Leaders of various countries are meeting to try to stop global warming and reach agreements to avoid the disaster of climate change, so evident in the a-typical phenomena of nature, which reacts violently, as a voice of alarm, so that we listen to their groans and change our attitudes. However, there are those that, because of the egoistic economic interests, continue to deny this drama. Many, for instance, don’t care where they put their rubbish. They throw it anywhere, causing not only contamination and a bad appearance, but plugging the natural water channels and making the disasters even worse.

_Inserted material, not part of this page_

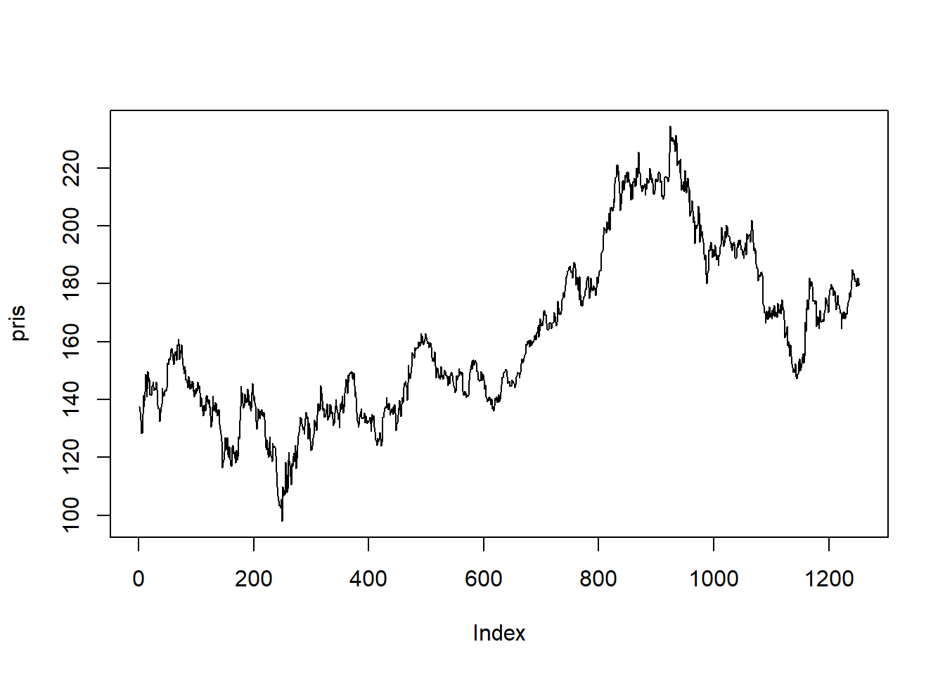 Vi tar en ny titt på den daglige prisen på Eqinoraksjen over en 5-års periode som vi så på i introduksjonen til tidsrekker. Vi laster inn datasettet som før ved hjelp av readxl-pakken, og henter ut den aktuelle kolonnen. Legg merke til at vi bruker rev()-funksjonen til å reversere rekkefølgen til observasjonene slik at den første verdien komme først: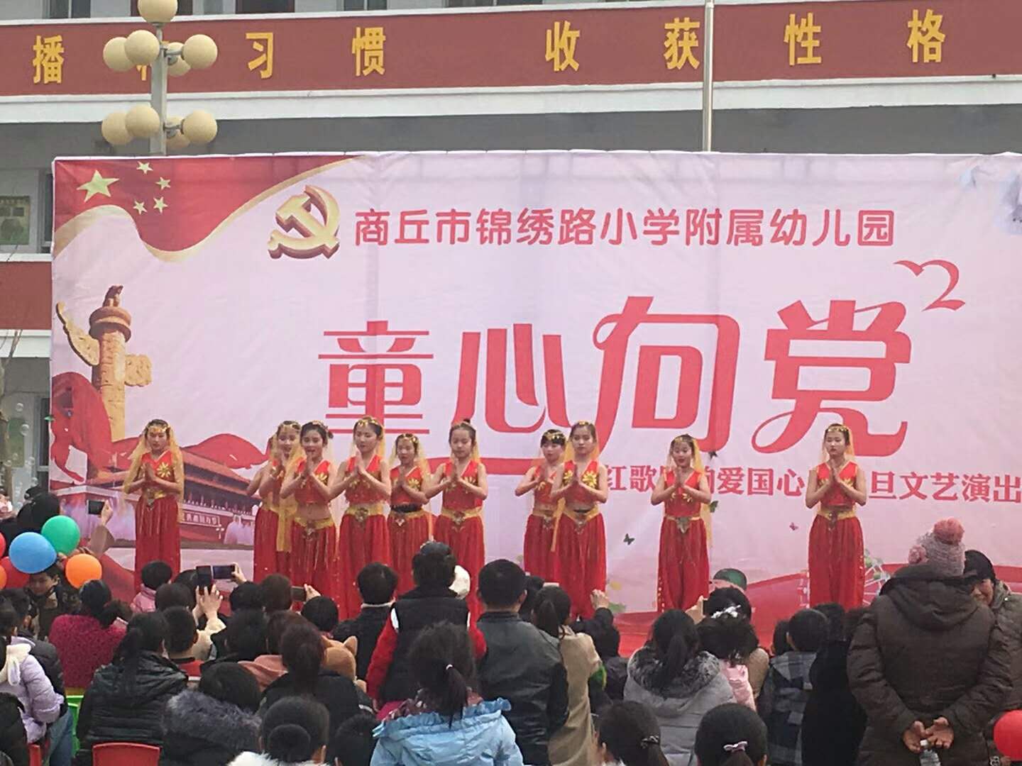 为迎接2018年元旦的到来,进一步展现广大师生积极向上、团结奋进的精神面貌,12月29日下午,商丘市梁园区锦绣路小学举行了红歌唱响爱国心庆元旦文艺汇演活动。

When I arrived in Chiapas, I began to hear that there was talk of “mother earth,” and some wrote it in capital letters. My reaction was: have no other mother than my Mama, the Virgin Mary, and the Church . . . but I understand that it’s the land that gives us life, foods, water, air, and all the elements necessary to live. It’s not a divinity or a thinking being, but it is a living being that feels and reacts. Earthquakes, volcanic irruptions, hurricanes, rivers, and oceans move with signs of life. If the seas stayed still and didn’t make waves, they wouldn’t have life; there would be no fish and everything would be stagnant. As a river’s current, if it were stagnant and didn’t flow, it wouldn’t give life. If there were no earthquakes, or hurricanes, or volcanic irruptions, our planet would be dead. They are natural reactions, not divine punishments, and we must learn to live with them. With good reason, Saint Francis called it “our sister mother earth.”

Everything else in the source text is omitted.